Very fast scientific name checker is out.

There are millions of checklists in use by scientists and nature enthusiasts. Very often, such lists contain misspellings or outdated names. To help researchers clean up their checklists and monitor their quality, we are releasing GNverifier v0.3.0 written in Go language.

GNverivier code follows Semantic Versioning practices. So users need to be aware that for versiong 0.x.x backward incompatible changes might happen.

We released several implementations of name-verification (reconciliation/resolution) before. All of them did not have enough speed for verifying massive lists of scientific names. This release provides from 10x to 100x throughput improvements compared to older implementations.

Summary

GNverifier can help to answer the following questions:

  • Is a name-string a real name?
  • Is it spelled correctly, and if not, what might be the correct spelling?
  • Is the name currently in use?
  • If it is a synonym, what data sources consider to be currently accepted names?
  • Is a name a homonym?
  • What is a taxon that the name points to, and where is it placed in various classifications?

Name verification and reconciliation involves several steps.

  • Exact match: input name matches canonical form located in one or more data-sources.
  • Fuzzy match: if no exact match is found, there is a fuzzy matching of canonical forms
  • Partial Exact match: if the previous two steps failed, we remove words from the end or from the middle of a name and try to match what is left until we end up with a bare genus.
  • Partial Fuzzy match: in case if the partial exact match did not work, and the remained name is not uninomial, we apply fuzzy matching algorithms.

A scoring algorithm then sorts matched results. The “About” page contains more detailed information about matching and scoring.

Performance

We observe speeds of ~2,500 names per second for checklists that are coming from optical character recognition process and contain many misspellings.

Usages

The simplest way to use GNverifier is via web-interface. The online application emits results in HTML, CSV and JSON formats and can process up to 5000 names per request.

For larger datasets, and as an alternative, there is a command line application that can be downloaded for Windows, Mac, and Linux.

gnverifier file-with-names.txt

This version adds an option -c or --capitalize to fix name-strings’ capitalization before verification. It is beneficial for web-interface, as it allows users “to be lazy” when they try to match names.

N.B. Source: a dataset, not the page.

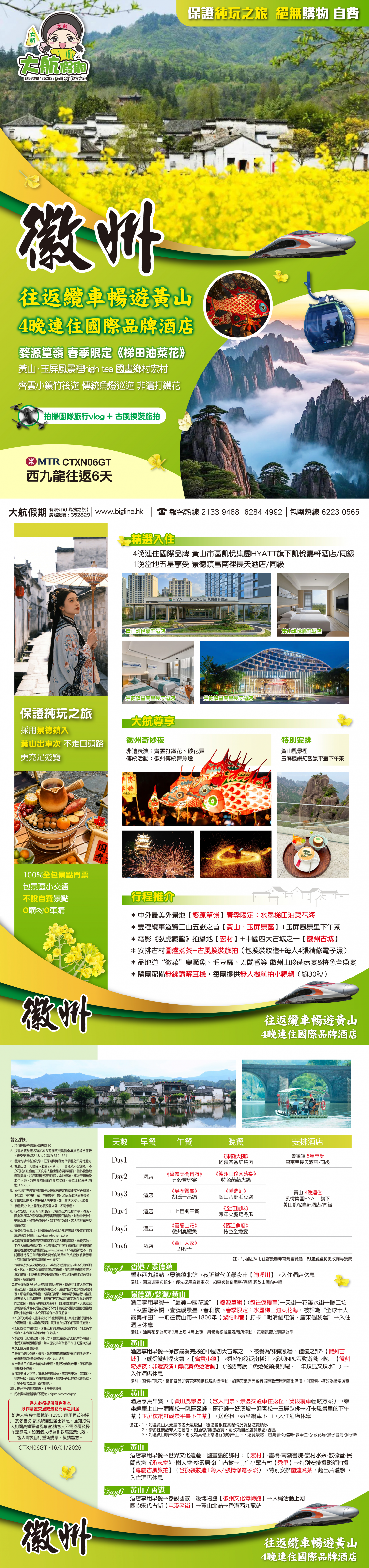 備註:1、如遇黃山人流量或者天氣原因,導遊會根據實際情況調整遊覽順序

$ gnverifier "drsophila melanogaster" -c -f pretty
INFO[0000] Using config file: /home/dimus/.config/gnverifier.yaml.
{
  "inputId": "b20a7c40-f593-5a68-a048-0a24742b4283",
  "input": "drsophila melanogaster",
  "inputCapitalized": true,
  "matchType": "Fuzzy",
  "bestResult": {
    "dataSourceId": 1,
    "dataSourceTitleShort": "Catalogue of Life",
    "curation": "Curated",
    "recordId": "2586298",
    "localId": "69bbaee49e7c2f749ee7712f3f168920",
    "outlink": "http://www.catalogueoflife.org/annual-checklist/2019/details/species/id/69bbaee49e7c2f749ee7712f3f168920",
    "entryDate": "2020-06-15",
    "matchedName": "Drosophila melanogaster Meigen, 1830",
    "matchedCardinality": 2,
    "matchedCanonicalSimple": "Drosophila melanogaster",
    "matchedCanonicalFull": "Drosophila melanogaster",
    "currentRecordId": "2586298",
    "currentName": "Drosophila melanogaster Meigen, 1830",
    "currentCardinality": 2,
    "currentCanonicalSimple": "Drosophila melanogaster",
    "currentCanonicalFull": "Drosophila melanogaster",
    "isSynonym": false,
    "classificationPath": "Animalia|Arthropoda|Insecta|Diptera|Drosophilidae|Drosophila|Drosophila melanogaster",
    "classificationRanks": "kingdom|phylum|class|order|family|genus|species",
    "classificationIds": "3939792|3940206|3940214|3946159|3946225|4031785|2586298",
    "editDistance": 1,
    "stemEditDistance": 1,
    "matchType": "Fuzzy"
  },
  "dataSourcesNum": 28,
  "curation": "Curated"
}

It is possible to map a checklist to one of 100+ data sources aggregated in GNverifier.

The following command will match all names from file-with-names.txt against the Catalogue of Life.

gnverifier file-with-names.txt -s 1 -o -f pretty

It is also possible to run web-interface locally by running:

gnverifier -p 4000

After running the command above, the interface can be accessed by a browser via https://globalnames.org URL.

One can find a complete list of gnverifier by running:

gnverifier -h

Application Programming Interface (API)

GNverifier does not keep all the data needed for processing name-strings locally. It uses a remote API located at https://verifier.globalnames.org/api/v1.

The RESTful API is public. It has an OpenAPI description and is available for external scripts.

Deprecation of old systems

There are several older approaches to solve the same problem:

If you use any of these, consider switching to GNverifier because older systems will eventually be deprecated and stopped.